LISTED ENTRIES
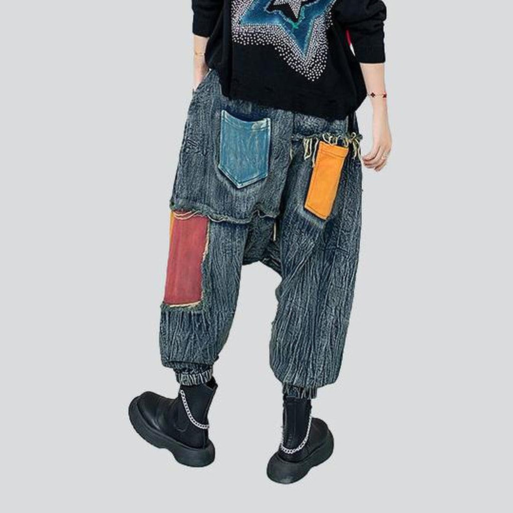 Step into the spotlight this season with our patchwork women's denim pants from the 2023 Spring-Summer Collection! Our vogue-forward pants boast a baggy fit and a high-waist for a timelessly stylish look. Constructed with drawstrings closure. these pants offer effortless versatility and unique flair.
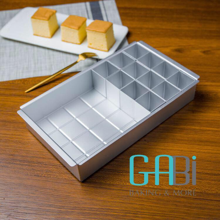 Khuôn chữ nhật, có các ô vuông nhỏ để xếp tạo hình bánh chữ, số
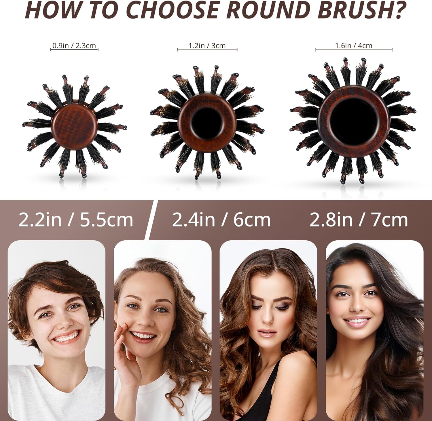 Ronde borstel voor dames om te föhnen, glad te maken, stylen, borstelborstel, ronde borstel om te föhnen, ronde haarborstel geeft glans en volume
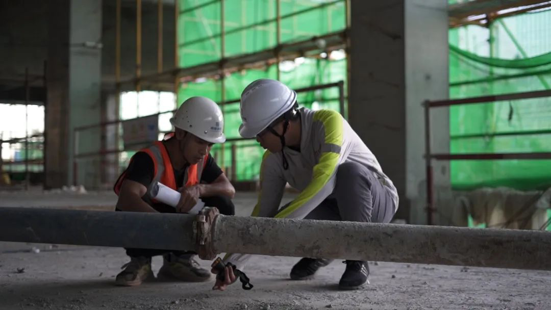 在一次項目巡檢中,黃之龍發(fā)現(xiàn)在使用地泵將混凝土輸送到施工樓層時,由于輸送距離較遠,泵管和樓板之間鋪設(shè)了許多小塊木模板作為墊片。黃之龍敏銳地發(fā)現(xiàn)這樣的處理方式無法起到有效的固定作用,一旦泵送壓力過大,泵管可能發(fā)生位移引起爆管,造成成砼料飛濺,甚至砸傷工人的事故。
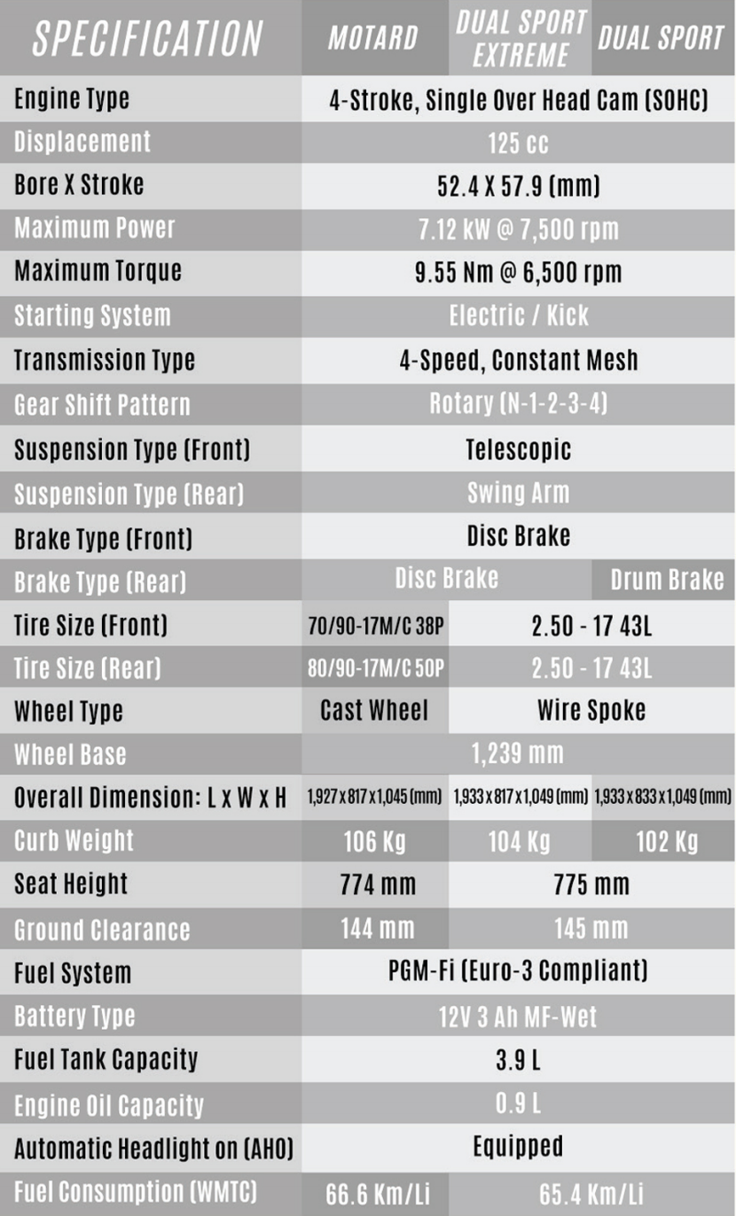 - Rim sport lima bilah ditawarkan bersama varian Motard, manakala DSX dan DS menggunakan rim jejari standard. Gad tangan hanya untuk model DS.
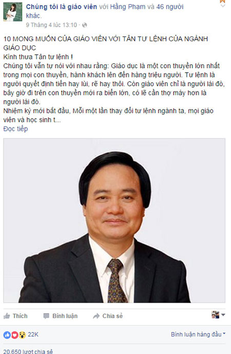 Thông tin ngành Giáo dục vừa thay đổi Bộ trưởng đã khiến cho hầu hết giáo viên cả nước vừa mừng, vừa lo. Theo đó, giáo viên vui vì lại có thêm mong đợi tương lai mới, phát triển mới cho ngành giáo dục nhưng lại lo vì không biết sẽ thay đổi thế nào. Xuất phát từ dòng cảm xúc này, trên trang fanpage Facebook “Chúng tôi là giáo viên” đã chia sẻ 10 mong muốn gửi đến tân tư lệnh ngành Giáo dục – Bộ trưởng Phùng Xuân Nhạ.

PROBLEM TO WORK ON
Using the data above, retype exactly the lines from the line with "在一次項目巡檢中,黃之龍發(fā)現(x" to the line with "- Rim sport", inclusive. No pictures and nothing else.

SOLUTION
 在一次項目巡檢中,黃之龍發(fā)現(xiàn)在使用地泵將混凝土輸送到施工樓層時,由于輸送距離較遠,泵管和樓板之間鋪設(shè)了許多小塊木模板作為墊片。黃之龍敏銳地發(fā)現(xiàn)這樣的處理方式無法起到有效的固定作用,一旦泵送壓力過大,泵管可能發(fā)生位移引起爆管,造成成砼料飛濺,甚至砸傷工人的事故。
 - Rim sport lima bilah ditawarkan bersama varian Motard, manakala DSX dan DS menggunakan rim jejari standard. Gad tangan hanya untuk model DS.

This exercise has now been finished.